Aim of the task: Under this line are the records; repeat exactly the lines starting at the one containing "SMALL FRY? the Krays enjoying a cuppa" and ending at the one containing "A Mazzei Venturi", omitting pictures.

Dataset records:

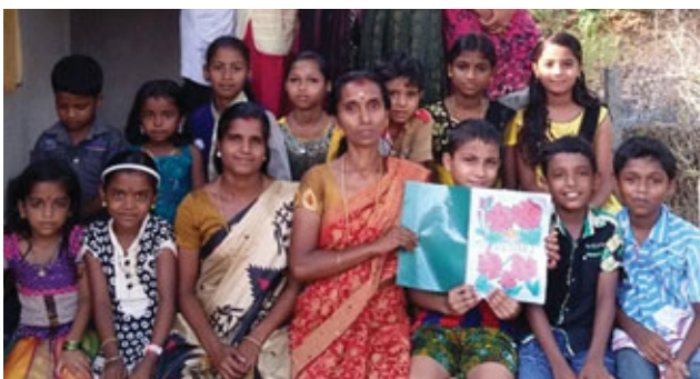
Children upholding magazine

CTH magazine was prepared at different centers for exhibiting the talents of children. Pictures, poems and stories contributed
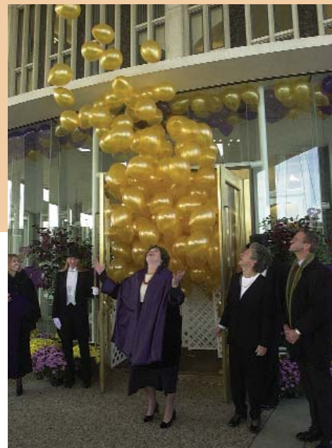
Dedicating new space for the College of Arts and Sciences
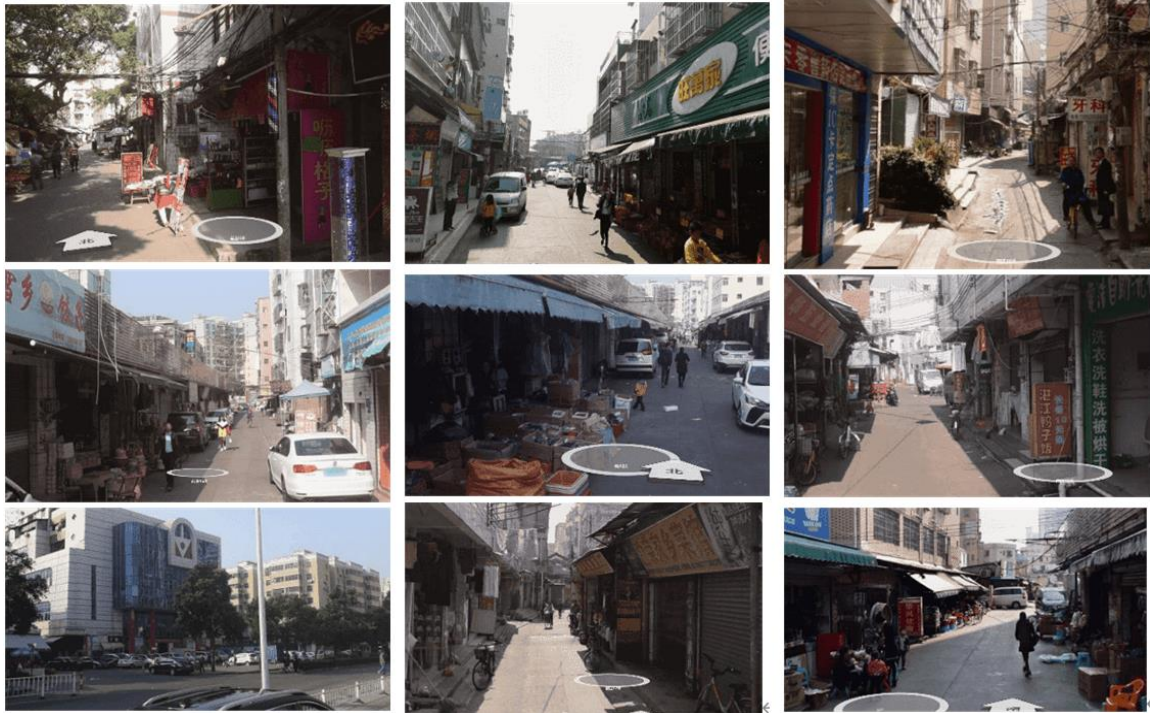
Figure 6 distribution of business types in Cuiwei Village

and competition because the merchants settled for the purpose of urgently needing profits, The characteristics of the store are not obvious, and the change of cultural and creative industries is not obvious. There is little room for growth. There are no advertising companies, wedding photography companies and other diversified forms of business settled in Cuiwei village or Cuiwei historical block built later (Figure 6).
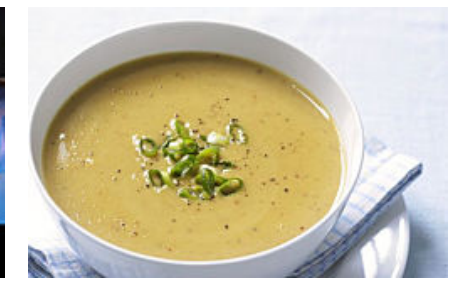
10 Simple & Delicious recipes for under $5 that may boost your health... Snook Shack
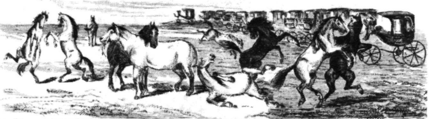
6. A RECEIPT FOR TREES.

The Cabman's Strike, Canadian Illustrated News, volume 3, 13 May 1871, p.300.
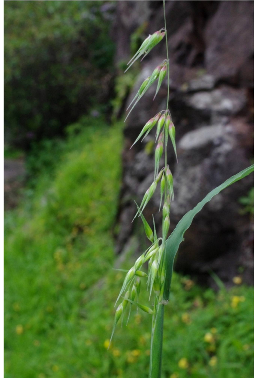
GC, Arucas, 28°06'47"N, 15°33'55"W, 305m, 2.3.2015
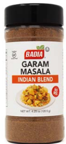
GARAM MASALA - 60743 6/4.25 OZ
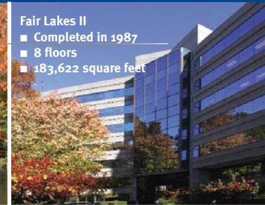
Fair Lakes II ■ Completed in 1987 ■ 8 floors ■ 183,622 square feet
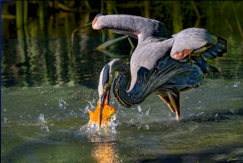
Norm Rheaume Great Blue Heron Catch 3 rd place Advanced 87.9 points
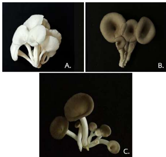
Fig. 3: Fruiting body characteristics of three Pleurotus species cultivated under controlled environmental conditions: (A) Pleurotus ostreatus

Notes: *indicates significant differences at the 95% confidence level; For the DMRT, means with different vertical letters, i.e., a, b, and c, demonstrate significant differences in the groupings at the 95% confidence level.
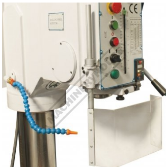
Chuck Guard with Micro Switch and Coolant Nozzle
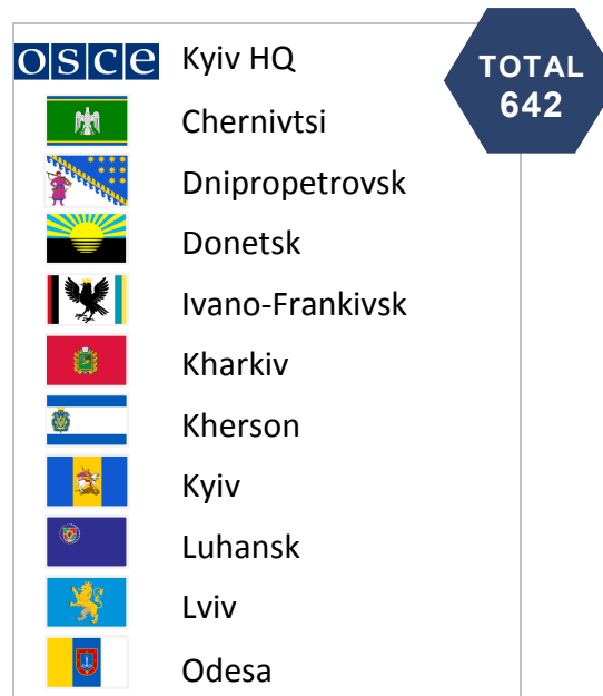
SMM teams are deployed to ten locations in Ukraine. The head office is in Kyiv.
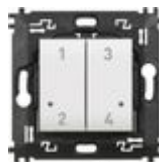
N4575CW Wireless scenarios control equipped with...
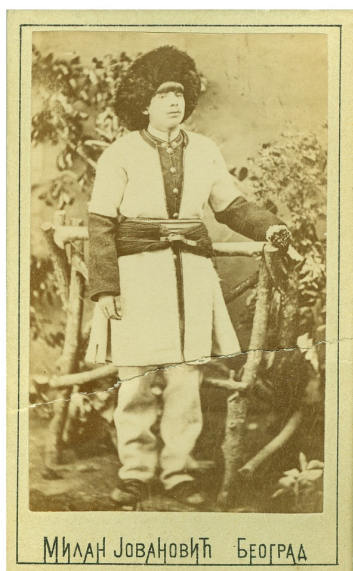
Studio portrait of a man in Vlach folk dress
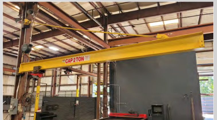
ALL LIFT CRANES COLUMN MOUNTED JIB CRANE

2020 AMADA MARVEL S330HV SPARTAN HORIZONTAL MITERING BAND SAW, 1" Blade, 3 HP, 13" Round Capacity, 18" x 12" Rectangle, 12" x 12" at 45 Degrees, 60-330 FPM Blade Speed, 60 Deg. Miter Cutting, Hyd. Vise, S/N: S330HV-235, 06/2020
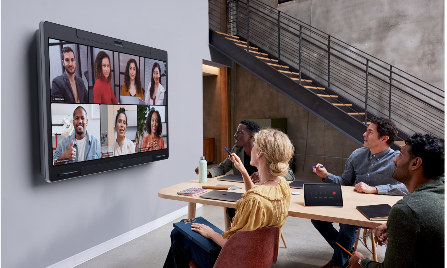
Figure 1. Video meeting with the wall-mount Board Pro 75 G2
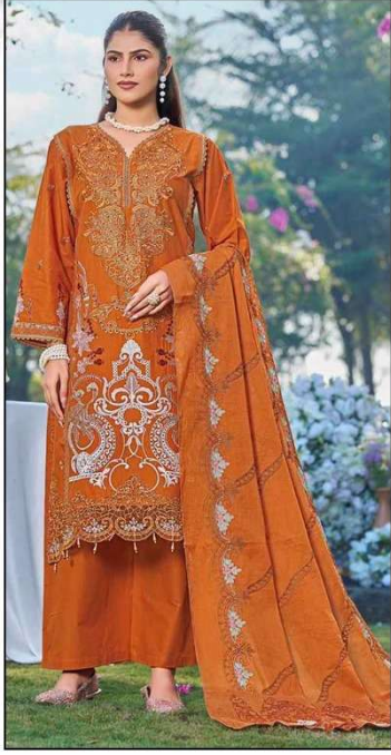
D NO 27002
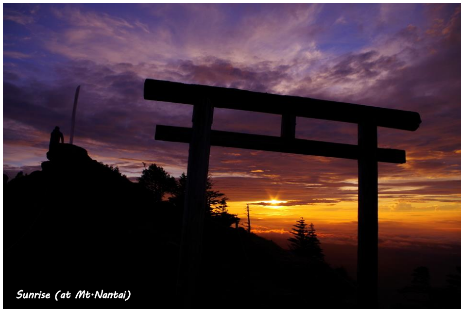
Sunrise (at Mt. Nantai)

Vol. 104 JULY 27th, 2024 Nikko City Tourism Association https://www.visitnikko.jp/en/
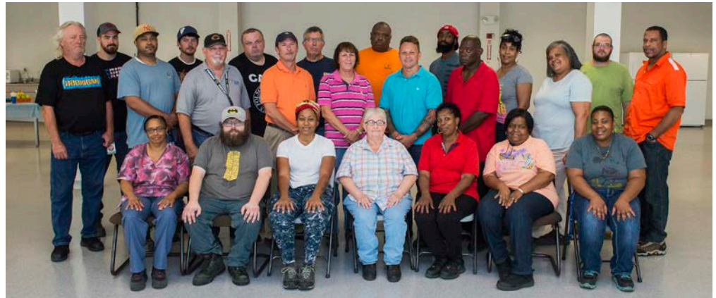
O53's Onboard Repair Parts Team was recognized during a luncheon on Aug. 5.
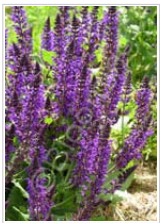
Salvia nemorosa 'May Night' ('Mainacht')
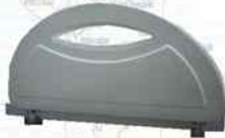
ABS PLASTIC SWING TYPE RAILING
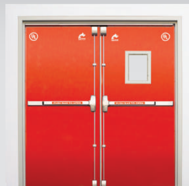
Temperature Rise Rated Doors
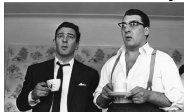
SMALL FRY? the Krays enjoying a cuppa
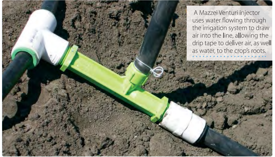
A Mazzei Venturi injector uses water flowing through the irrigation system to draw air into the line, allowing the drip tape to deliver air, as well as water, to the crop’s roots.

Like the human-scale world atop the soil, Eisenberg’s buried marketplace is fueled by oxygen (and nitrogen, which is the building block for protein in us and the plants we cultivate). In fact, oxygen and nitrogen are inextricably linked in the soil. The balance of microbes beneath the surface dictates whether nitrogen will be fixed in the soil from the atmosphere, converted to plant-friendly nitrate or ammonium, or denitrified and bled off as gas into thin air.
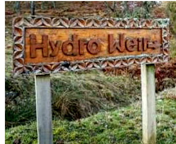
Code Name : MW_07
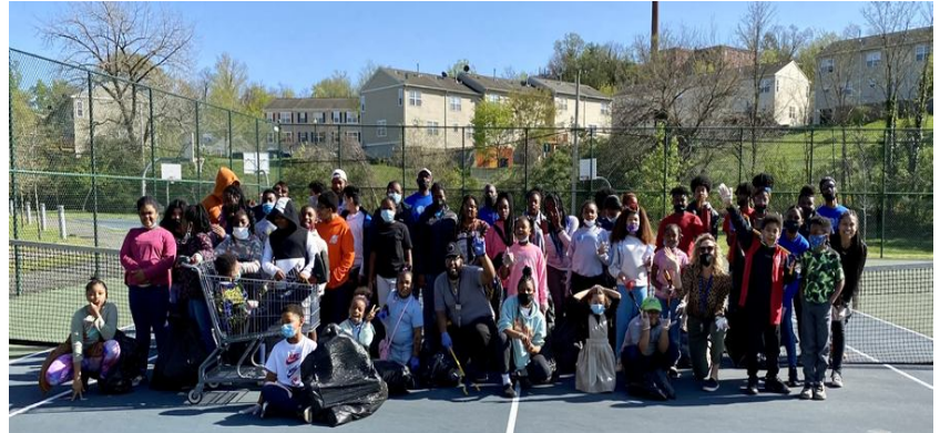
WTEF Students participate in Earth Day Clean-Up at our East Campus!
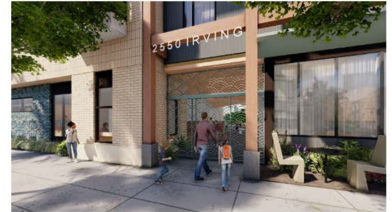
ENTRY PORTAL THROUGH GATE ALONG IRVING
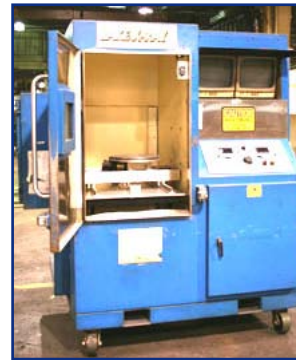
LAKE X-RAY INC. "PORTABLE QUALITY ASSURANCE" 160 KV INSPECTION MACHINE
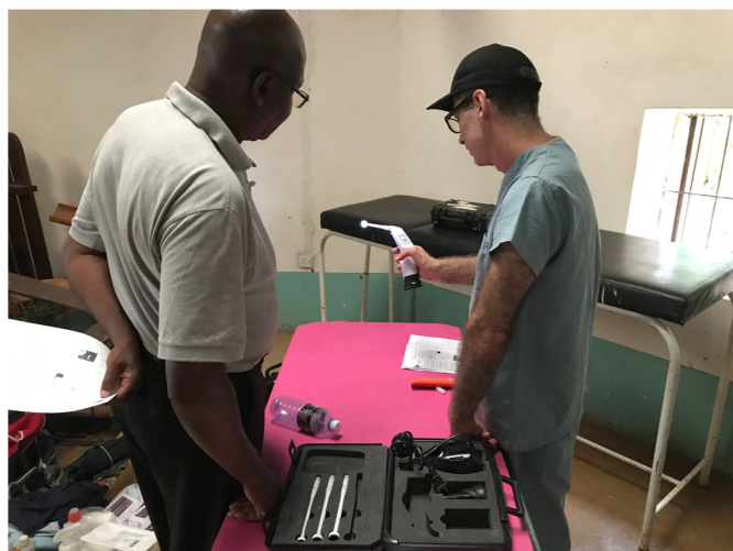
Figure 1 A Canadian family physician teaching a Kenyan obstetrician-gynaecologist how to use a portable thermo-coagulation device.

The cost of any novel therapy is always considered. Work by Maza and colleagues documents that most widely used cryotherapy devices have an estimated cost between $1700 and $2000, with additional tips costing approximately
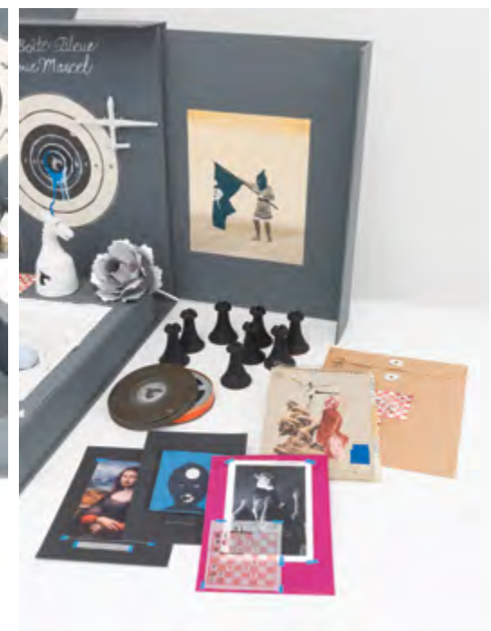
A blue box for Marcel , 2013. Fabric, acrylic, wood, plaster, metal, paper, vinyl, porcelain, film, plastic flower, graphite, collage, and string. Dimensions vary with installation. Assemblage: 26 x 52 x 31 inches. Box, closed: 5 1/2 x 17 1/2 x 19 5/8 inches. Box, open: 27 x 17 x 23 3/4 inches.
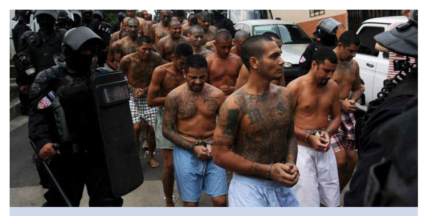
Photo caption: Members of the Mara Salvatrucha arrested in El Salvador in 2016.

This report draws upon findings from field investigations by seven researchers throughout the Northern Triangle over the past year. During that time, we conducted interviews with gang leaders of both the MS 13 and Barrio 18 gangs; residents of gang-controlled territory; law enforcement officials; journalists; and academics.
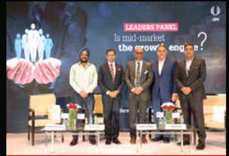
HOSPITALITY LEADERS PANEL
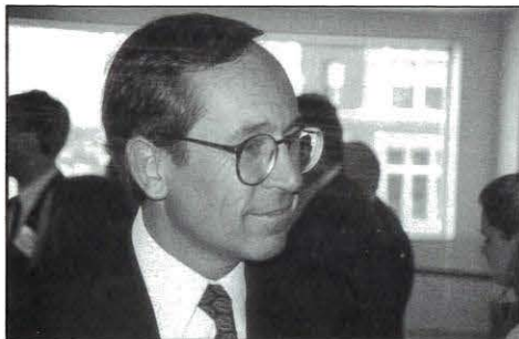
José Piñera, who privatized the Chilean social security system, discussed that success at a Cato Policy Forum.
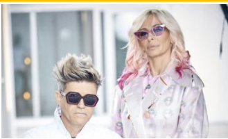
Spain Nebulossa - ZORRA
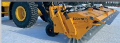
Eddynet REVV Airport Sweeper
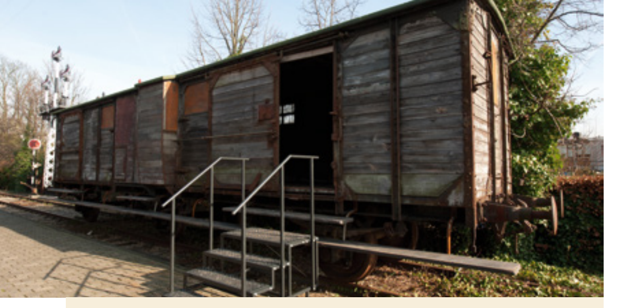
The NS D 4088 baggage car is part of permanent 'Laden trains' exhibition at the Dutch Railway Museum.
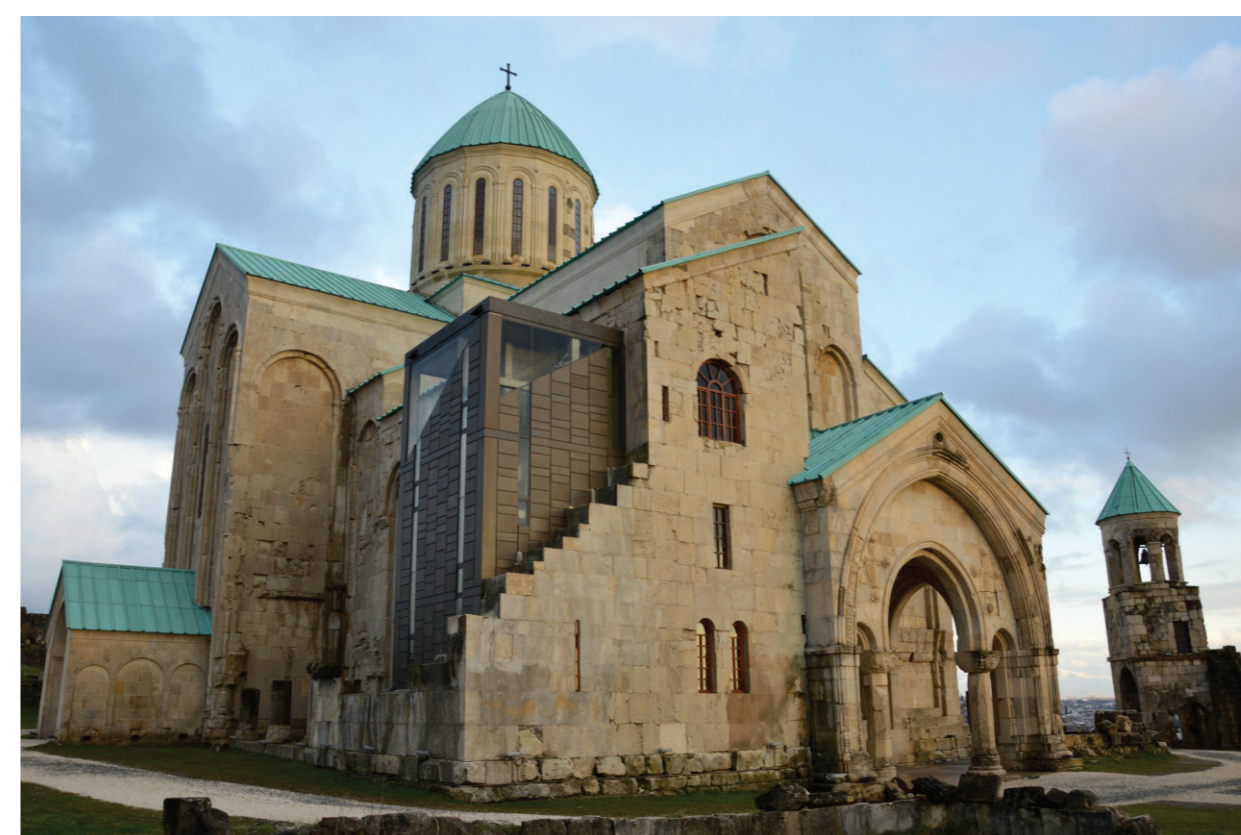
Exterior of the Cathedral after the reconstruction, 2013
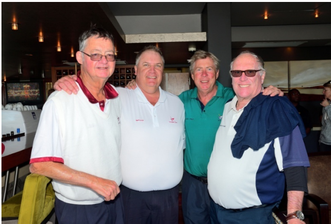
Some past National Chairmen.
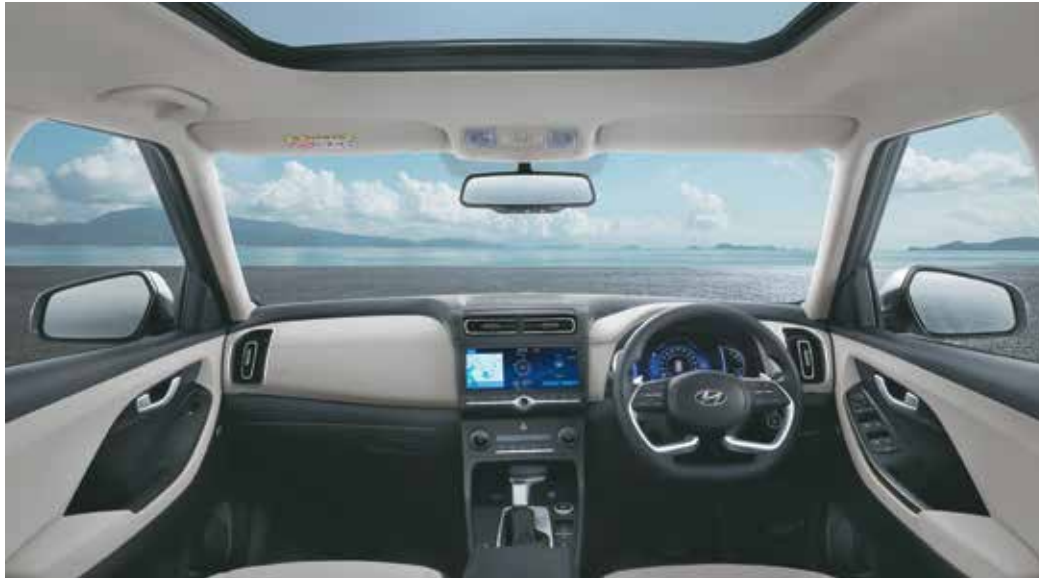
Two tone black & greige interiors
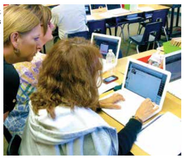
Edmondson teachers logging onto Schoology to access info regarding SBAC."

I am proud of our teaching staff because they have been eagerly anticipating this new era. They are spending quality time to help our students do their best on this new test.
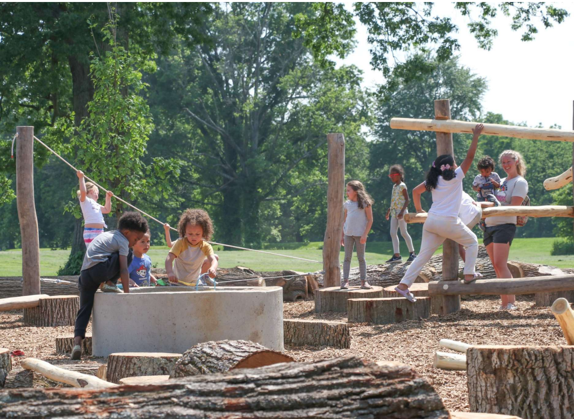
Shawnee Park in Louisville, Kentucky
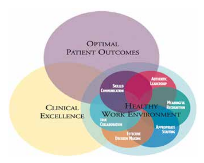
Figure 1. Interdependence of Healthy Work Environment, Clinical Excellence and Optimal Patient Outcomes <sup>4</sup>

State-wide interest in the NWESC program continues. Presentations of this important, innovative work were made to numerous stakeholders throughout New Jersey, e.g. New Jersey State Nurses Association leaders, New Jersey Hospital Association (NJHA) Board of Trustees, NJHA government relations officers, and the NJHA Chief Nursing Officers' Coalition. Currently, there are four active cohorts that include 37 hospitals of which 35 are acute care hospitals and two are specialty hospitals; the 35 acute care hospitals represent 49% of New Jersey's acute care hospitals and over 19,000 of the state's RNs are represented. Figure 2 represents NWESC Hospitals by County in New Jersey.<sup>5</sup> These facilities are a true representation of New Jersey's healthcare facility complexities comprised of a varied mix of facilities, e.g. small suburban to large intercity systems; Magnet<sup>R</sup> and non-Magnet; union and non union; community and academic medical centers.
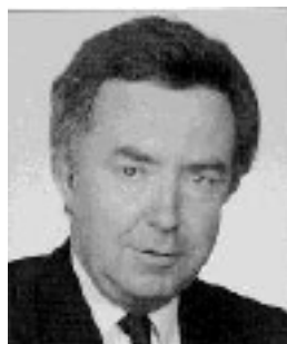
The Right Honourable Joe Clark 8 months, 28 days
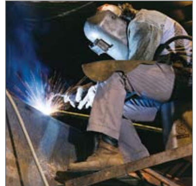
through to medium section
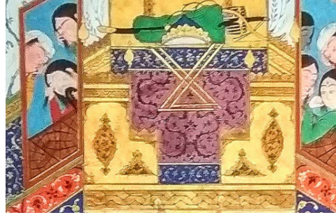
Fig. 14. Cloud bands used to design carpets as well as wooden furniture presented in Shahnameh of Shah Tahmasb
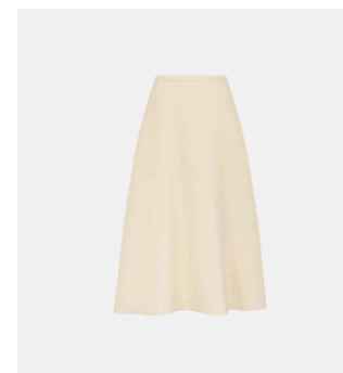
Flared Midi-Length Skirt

Result for this task:
SMALL FRY? the Krays enjoying a cuppa
A Mazzei Venturi injector uses water flowing through the irrigation system to draw air into the line, allowing the drip tape to deliver air, as well as water, to the crop’s roots.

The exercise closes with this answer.